Joanne, hmmm Nine a.m. Central, so 10 Eastern. :-)

CarrieBoo said...

You'd have done well in my old neighbourhood, waiting around the corner for couples to stop screaming and throwing stuff... then in she strides, with replacement plates, like magic. It's a brave move.

Glen said...

I wish someone would come selling plates here - I wouldn't buy them - I just want them to try

Jocelyn said...

I CANNOT believe you're going to make me wait! Stop stringing me along, you strop.

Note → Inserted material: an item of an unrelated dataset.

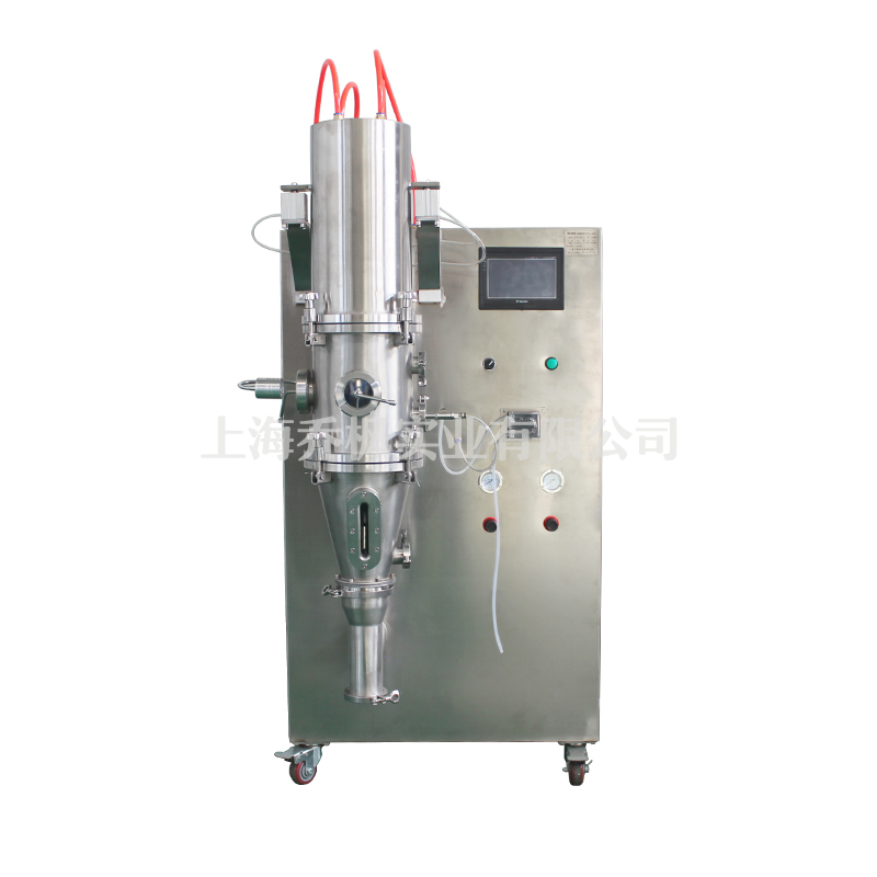 1) the multi-function spray granulation machine is easy to operate: the control system adopts PLC automatic control, and the color touch-screen operation. The experimental parameters such as inlet air temperature, air temperature, material temperature, fan speed and spray pressure during the experiment can be changed immediately according to the experimental needs and convenient for users. The touchscreen has USB interface, and the data can be exported to U disk or online printing.

Okay, well, while I'm waiting:

with you, I always love the whole story and then focus on random thing--quite senselessly. Here, I was left exclaiming, "You had a cart? What did it look like?"

Linda O'Connell said...

You sur ehave a way of story telling. You make me smile.

Gigi said...

Ooooh! A cliffhanger!

Pearl said...

Carrieboo, honestly, in some neighborhoods I think that might not be a nice little weekend gig. :-)

Glen,I'd get a kick out of that too.

Joce, strop! STROP! Heaven help us, that is fabulous.
Of course we had a cart. At one point we had two carts, deep metal carts painted yellow. Kevin was a paperboy, pretty hardcore, for two or three years. I was for maybe two, Sundays only. The cart was for Sundays, the thick papers piled high and sometimes even wired down. Quite the elaborate set-up, especially for Kevin, who's Sundays would pile feet above the rim of the cart... Shoot, I feel another story coming on...

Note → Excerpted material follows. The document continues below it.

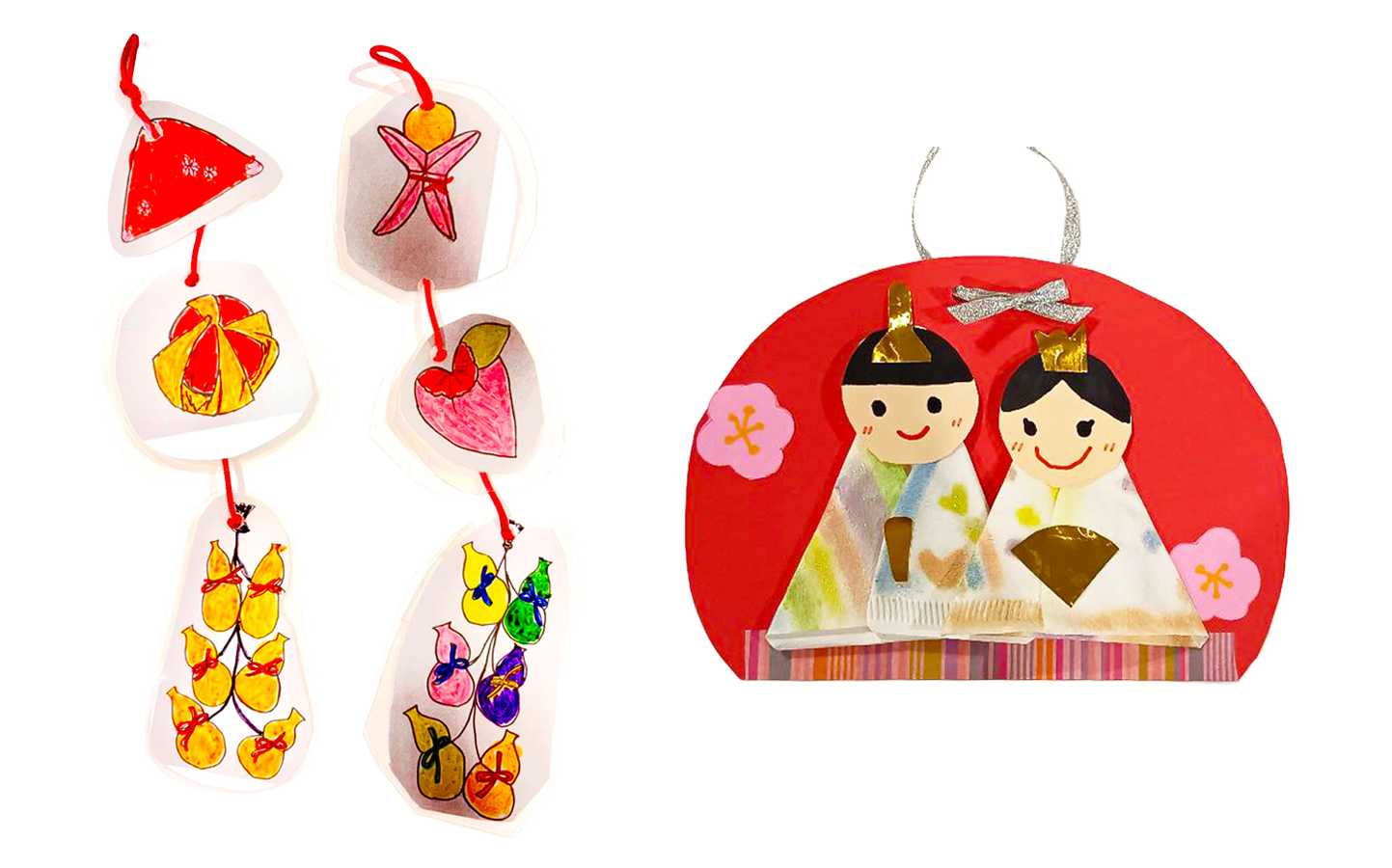 絵の具やラミネートシートを使って、お雛様や東伊豆町発祥の伝統工芸「雛のつるし飾り」を制作するワークショップです。色や形を自由に楽しみながら、ものづくりの魅力と日本の文化に触れていただけます。

Linda, I'm glad you think so!

Gigi, part of my elaborate marketing scheme to get more readers! ha ha ha ha ha!!

Pat Tillett said...

Opportunity came a knocking! And so did you, me things...

Juli said...

All about supply and demand, baby.

Go get 'em girl!

Pearl said...

Pat, opportunities, Pat! Opportunities abound!!

Juli, I'm just gonna march up there and knock on their door...

Cloudia said...

I raffled off a turtle in the neighborhood at age 8



Aloha from Honolulu
Comfort Spiral

> < } } (°>

Bill Lisleman said...

I once sold vacuum cleaners for a few months. Selling doesn't appear to be difficult until you try it. Too bad you didn't bring along some polish for the motorcycles. You could have made a special package deal.

River said...

I hope you were clever enough to only sell them enough plates to eat off, then go back time and again after they'd broken the ones you sold them.
I love Harleys. The Tourers, the Fatboys, heaven on wheels.

Elephant's Child said...

I'm with River - I hope you milked that market for all it was worth. A Ducati fan here though.

the walking man said...

I am wondering if you sold them as dishes or flying saucers?

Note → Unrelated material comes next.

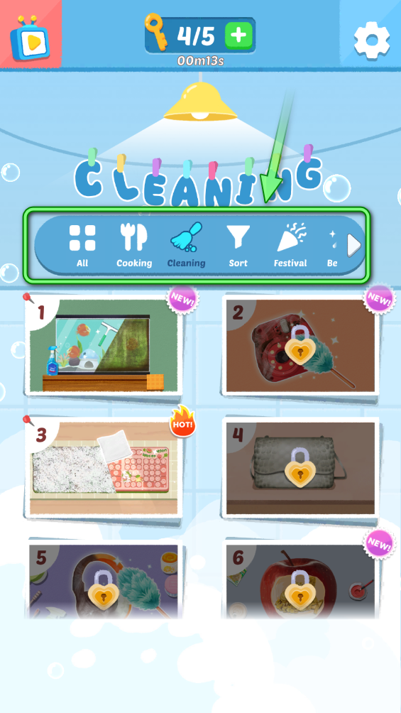 1.进入游戏后,我们可以自由的去选择关卡,上方还有不同类别,例如烹饪、清洁等等。
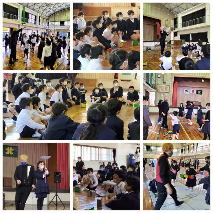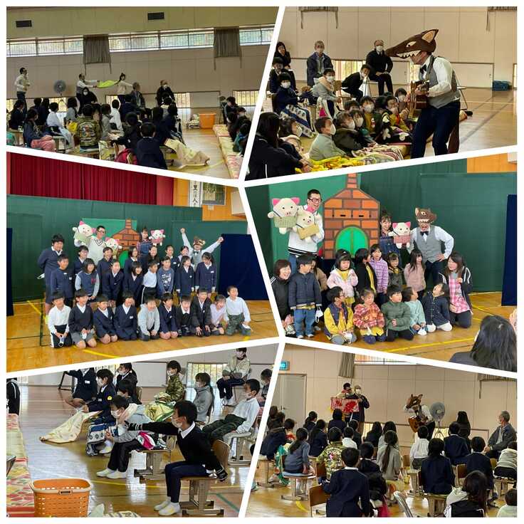 写真は過去に実施されたクラウド支援公演から、霧島市立竹子小学校(全校児童25名:当時)での劇団道化「3びきのコブタ」、姶良市立北山小学校(33名:当時)でのK@ITOさんによる「パフォーマンスショーとジャグリングワークショップ」の様子です。

Diane Stringam Tolley said...

Pearl, I should tell you about my plate-breaking story. Oh, wait . . . I did. Have I really reached the age of the twice-told tale? Yes. Yes, I have. Squirming in anticipation here. Can't wait for the dénouement!

Anonymous said...

I am loving this. It just gets more adorable. May there be many more parts to this story.